> [The problem]: For this listing, reproduce the line with "Золото, ювелирный магазин", the line with "현자 철구의 아프리카TV", and the lines between, exactly as they stand. Leave out pictures and all other lines.

> [Records]:
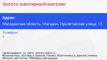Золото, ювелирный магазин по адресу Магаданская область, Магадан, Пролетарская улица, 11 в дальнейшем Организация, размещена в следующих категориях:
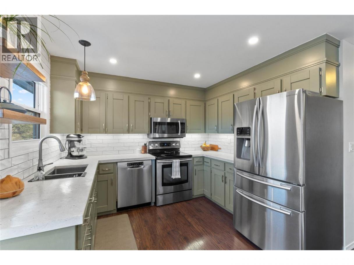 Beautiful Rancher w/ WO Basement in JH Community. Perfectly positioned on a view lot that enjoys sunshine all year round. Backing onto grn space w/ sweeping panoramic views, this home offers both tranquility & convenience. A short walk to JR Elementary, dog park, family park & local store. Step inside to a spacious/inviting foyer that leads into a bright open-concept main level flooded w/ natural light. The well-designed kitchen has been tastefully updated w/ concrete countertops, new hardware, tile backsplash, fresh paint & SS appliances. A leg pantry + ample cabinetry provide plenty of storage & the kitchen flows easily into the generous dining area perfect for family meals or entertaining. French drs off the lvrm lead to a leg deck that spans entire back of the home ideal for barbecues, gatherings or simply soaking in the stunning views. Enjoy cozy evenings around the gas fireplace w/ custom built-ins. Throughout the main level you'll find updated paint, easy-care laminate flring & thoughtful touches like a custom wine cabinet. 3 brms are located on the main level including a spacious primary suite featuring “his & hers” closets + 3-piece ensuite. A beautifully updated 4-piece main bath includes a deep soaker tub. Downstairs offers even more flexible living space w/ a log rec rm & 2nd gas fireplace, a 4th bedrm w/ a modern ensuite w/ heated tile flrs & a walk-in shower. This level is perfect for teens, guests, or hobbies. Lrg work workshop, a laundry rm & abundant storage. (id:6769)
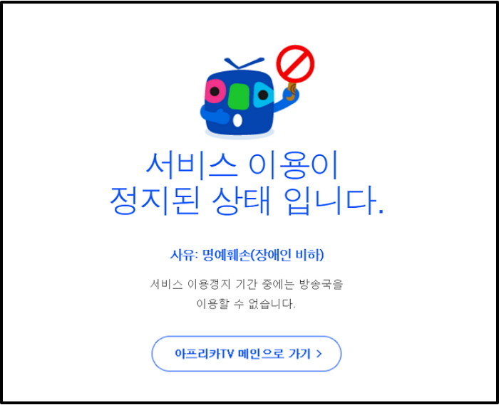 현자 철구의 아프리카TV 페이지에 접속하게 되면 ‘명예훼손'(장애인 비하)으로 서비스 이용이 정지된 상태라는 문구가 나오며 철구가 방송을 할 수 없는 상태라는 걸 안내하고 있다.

---

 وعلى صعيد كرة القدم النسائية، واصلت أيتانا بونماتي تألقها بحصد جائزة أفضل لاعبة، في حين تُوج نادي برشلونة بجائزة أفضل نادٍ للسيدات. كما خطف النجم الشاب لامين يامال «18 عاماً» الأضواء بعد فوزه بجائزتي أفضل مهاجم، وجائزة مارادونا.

> [Response area]:
Золото, ювелирный магазин по адресу Магаданская область, Магадан, Пролетарская улица, 11 в дальнейшем Организация, размещена в следующих категориях:
 Beautiful Rancher w/ WO Basement in JH Community. Perfectly positioned on a view lot that enjoys sunshine all year round. Backing onto grn space w/ sweeping panoramic views, this home offers both tranquility & convenience. A short walk to JR Elementary, dog park, family park & local store. Step inside to a spacious/inviting foyer that leads into a bright open-concept main level flooded w/ natural light. The well-designed kitchen has been tastefully updated w/ concrete countertops, new hardware, tile backsplash, fresh paint & SS appliances. A leg pantry + ample cabinetry provide plenty of storage & the kitchen flows easily into the generous dining area perfect for family meals or entertaining. French drs off the lvrm lead to a leg deck that spans entire back of the home ideal for barbecues, gatherings or simply soaking in the stunning views. Enjoy cozy evenings around the gas fireplace w/ custom built-ins. Throughout the main level you'll find updated paint, easy-care laminate flring & thoughtful touches like a custom wine cabinet. 3 brms are located on the main level including a spacious primary suite featuring “his & hers” closets + 3-piece ensuite. A beautifully updated 4-piece main bath includes a deep soaker tub. Downstairs offers even more flexible living space w/ a log rec rm & 2nd gas fireplace, a 4th bedrm w/ a modern ensuite w/ heated tile flrs & a walk-in shower. This level is perfect for teens, guests, or hobbies. Lrg work workshop, a laundry rm & abundant storage. (id:6769)
 현자 철구의 아프리카TV 페이지에 접속하게 되면 ‘명예훼손'(장애인 비하)으로 서비스 이용이 정지된 상태라는 문구가 나오며 철구가 방송을 할 수 없는 상태라는 걸 안내하고 있다.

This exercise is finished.